San
Antonio Breast Cancer Symposium
SAN ANTONIO — Accelerated partial-breast brachytherapy was inferior
to whole-breast irradiation and also was associated with increased acute and
late toxicities, researchers from The University of Texas MD Anderson Cancer
Center said here.
“Accelerated partial-breast brachytherapy is an increasingly
popular radiation treatment for older patients diagnosed with early-stage
breast cancer,” said Benjamin D. Smith, MD, assistant professor in
the department of radiation oncology at MD Anderson Cancer Center.
“Despite growing utilization, there is a lack of population-based cohort
studies, as well as randomized phase 3 data, to compare its effectiveness and
toxicity profile with standard whole-breast irradiation.”
The researchers used Medicare billing claims to identify patients aged
older than 66 years with incident invasive breast cancer who were diagnosed
between 2000 and 2007. The patients were treated with conservative surgery
followed by accelerated partial-breast brachytherapy or whole-breast
irradiation. The researchers compared the incidence of
mastectomy between the groups, the risk for acute toxicities
and the cumulative incidence of long-term toxicity.
In 130,535 women, the use of accelerated partial-breast brachytherapy
increased from less than 1% of patients in 2000 to 13% of patients in 2007.
These women were less likely to have axillary lymph node involvement and to
have received chemotherapy, but were more likely to be older, white and have
comorbidities.
At 5 years, the incidence of subsequent mastectomy was 4% in those
treated with accelerated partial-breast brachytherapy vs. 2.2% in those treated
with whole-breast irradiation (P<.001). Accelerated partial-breast
brachytherapy also was associated with more acute complications, including a
higher risk for hospitalization and infection. Accelerated partial-breast
brachytherapy also was associated with a higher 5-year incidence of rib
fracture, fat necrosis and breast pain, but a lower incidence of pneumonitis.
“These data underscore the importance of awaiting mature results of
randomized trials designed to prospectively compare these treatments before
employing widespread adoption of accelerated partial-breast brachytherapy as an
alternative to whole-breast irradiation in select patients,” Smith said.
Disclosure: Dr. Smith reports no relevant financial disclosures.

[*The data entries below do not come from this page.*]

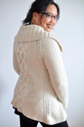 Need a nice warm hug? Innisfil is here for you! Cozy up by the fire (or laptop) in this chunky cabled cardigan with big buttons and a deep, snuggly ribbed collar. The large-scale Baroque Cable panel is fun to knit and delivers huge visual impact! The longer length and fully fashioned waist shaping are super flattering and easy to wear, perfect for a heavy winter layer or fall jacket. Innisfil is worked seamlessly from the bottom up with full length sleeves knit in the round, raglan shaping, garter rib side panels and ribbed buttonbands.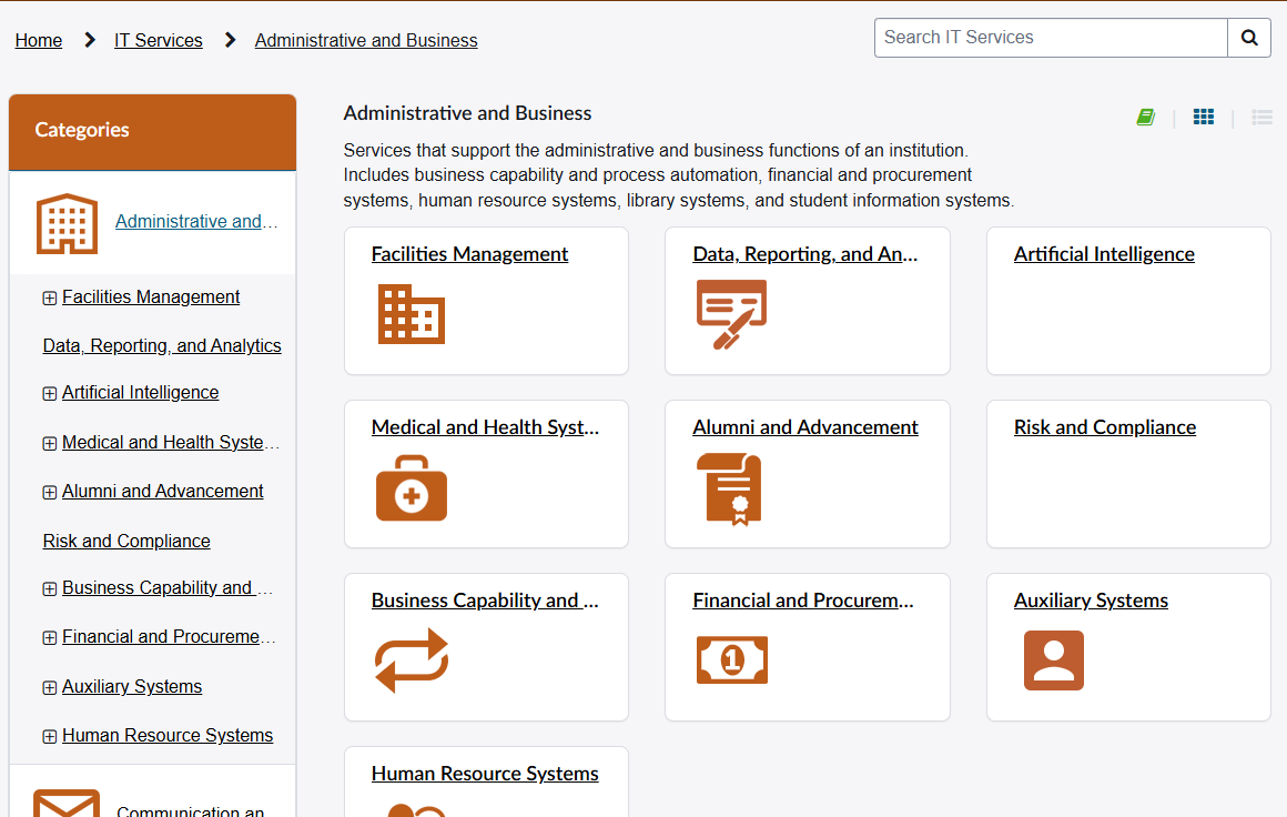 • Click on categories to view available business services and service offerings or use Search.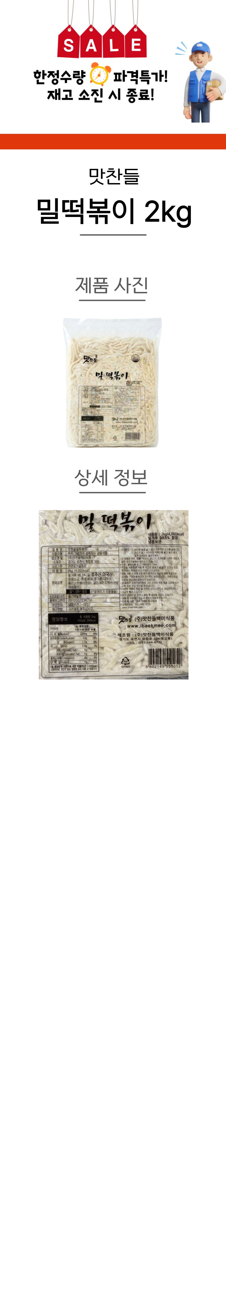 ★한정수량 초특가★ 맛찬들 밀떡볶이 2kg (제한) 이미지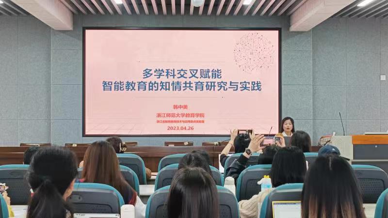 在各位老师听完韩中美博士精彩的演讲之后进行了学术上异常火热的学术交流,让学弟学妹们对于人工智能有了一个更好的认知和理解,在她的情感研究实践中,通过在线讨论模式和各种实践得出的数据分析,揭示出情绪与学习成果之间的强烈相关性,并且通过其同伴的的推荐研究实践,提出AI支持智能教育,检测学习者异常的突破性新方案,而对于如今mooc知识平台的发展,指出大部分学者对于mooc平台研究的不足之处,未将“互动”和“认知情绪”两方面综合考虑。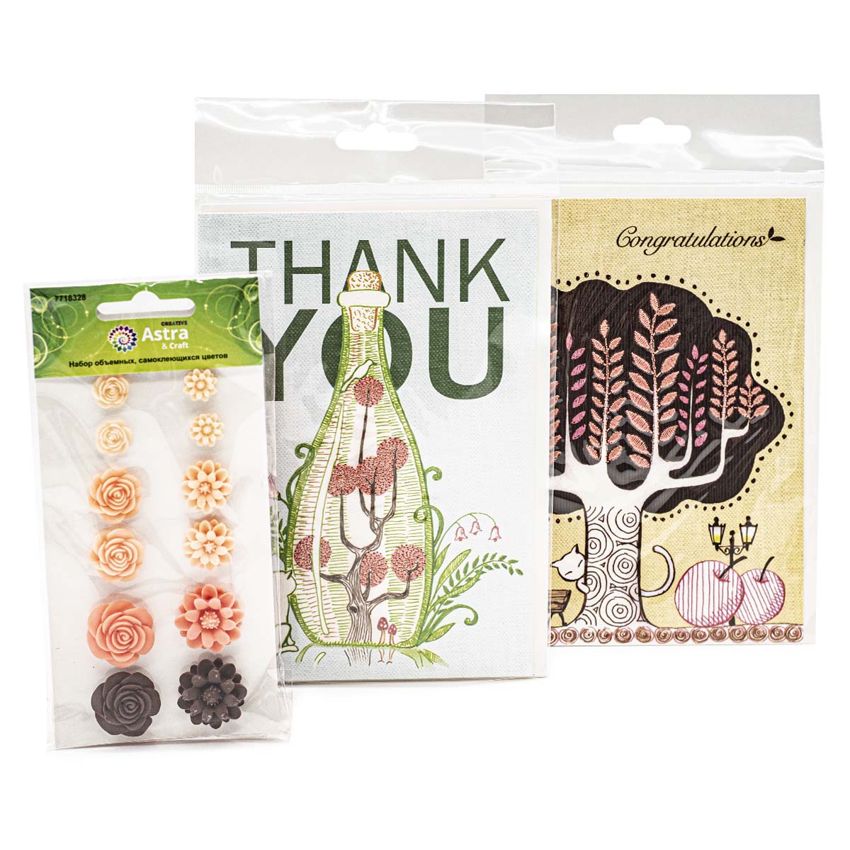 Набор для поздравления 'Открытки 'Спасибо' и 'Поздравляю' в конверте' 12*17 см 2 шт, с декоративными наклейками

Earn CME this spring at the HemOnc Today Breast Cancer Review & Perspective meeting to be held March 23-24, 2012 at the Hilton San Diego Bayfront. See details at HemOncTodayBreastCancer.com.
For more information:
- Smith G. #S2-1. Presented at: the 2011 CTRC-AACR San Antonio Breast
Cancer Symposium; Dec. 6-10, 2011; San Antonio.


This is the first study of this type that has looked at a larger
population. There are several parts that are interesting. The recurrence rate
is slightly higher in patients who had the partial-breast brachytherapy;
however, the numbers are not huge. To go from a 2% rate to a 4% rate is still a
low risk. It tells you that we need to have some prospective data, and
hopefully, we will get that information soon with the NSAPB B39 study. To get
that information is crucial before we open the Pandora’s box. Another
interesting part of this study was the data on complications. Some of the
complications continued, even up to 18 months afterward. It says we need to be
particularly cautious in evaluating complications in people who are receiving
this treatment now. However, the data were collected earlier in the time frame,
so what we don’t know is whether there is a learning curve. Many people
who were treated in this early part of the study time frame may have had more
complications because we weren’t aware of these potential complications
that may be prevented by paying attention to different subtleties in the
techniques. These are exciting data, but it serves as a cautionary reminder
that we need to think carefully when offering this treatment to a patient not
in a study situation.
Ivy A. Petersen, MD
Associate Professor of
Radiation Oncology, Mayo Clinic, Rochester, Minn.
Disclosure: Dr. Petersen reports no relevant financial
disclosures.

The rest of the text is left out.